Tsukamoto T, Shibagaki Y, Imajoh-Ohmi S, Murakoshi T, Suzuki M, Nakamura A, Gotoh H, Mizumoto K
Department of Biochemistry, School of Pharmaceutical Sciences, Kitasato University, Tokyo, Japan.
Biochem Biophys Res Commun. 1997 Oct 9;239(1):116-22. doi: 10.1006/bbrc.1997.7439.
The yeast Saccharomyces cerevisiae mRNA capping enzyme is composed of two subunits of alpha (52 kDa, mRNA guanylyltransferase) and beta (80 kDa, RNA 5'-triphosphatase). We have isolated the alpha subunit gene (CEG1) by immunological screening. In this report, with the aid of partial amino acid sequences of purified yeast capping enzyme, we isolated the gene, designated CET1, encoding the S. cerevisiae capping enzyme beta subunit. Amino acid sequence analysis revealed that the gene encodes for 549 amino acids with a calculated M(r) of 61,800 which is unexpectedly smaller than the size estimated by SDS-PAGE. Gene disruption experiment showed that CET1 is essential for yeast cell growth. The purified recombinant CET1 gene product, Cet1, exhibited an RNA 5'-triphosphatase activity which specifically removed the gamma-phosphate from the triphosphate-terminated RNA substrate, but not from nucleoside triphosphates, confirming the identity of the gene. Interaction between the Cet1 and the Ceg1 was also studied by the West-Western procedure using recombinant Ceg1-[32P]GMP as probe.

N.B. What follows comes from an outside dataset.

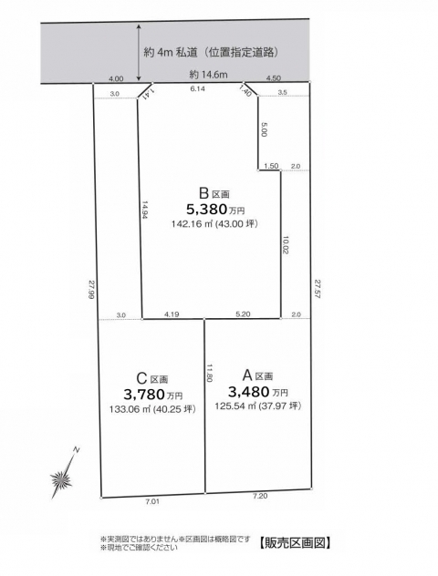 | 接道状況 | 北東側私道 4.0m ※一部通行掘削承諾取得済み |

酵母酿酒酵母的mRNA加帽酶由α(52 kDa,mRNA鸟苷酸转移酶)和β(80 kDa,RNA 5'-三磷酸酶)两个亚基组成。我们通过免疫筛选分离出了α亚基基因(CEG1)。在本报告中,借助纯化的酵母加帽酶的部分氨基酸序列,我们分离出了编码酿酒酵母加帽酶β亚基的基因,命名为CET1。氨基酸序列分析表明,该基因编码549个氨基酸,计算所得的分子量(M(r))为61,800,这比SDS-PAGE估计的大小意外地小。基因破坏实验表明,CET1对酵母细胞生长至关重要。纯化的重组CET1基因产物Cet1表现出RNA 5'-三磷酸酶活性,该活性可特异性地从三磷酸末端的RNA底物上去除γ-磷酸,但不能从核苷三磷酸上去除,从而证实了该基因的身份。还使用重组Ceg1-[32P]GMP作为探针,通过West-Western方法研究了Cet1与Ceg1之间的相互作用。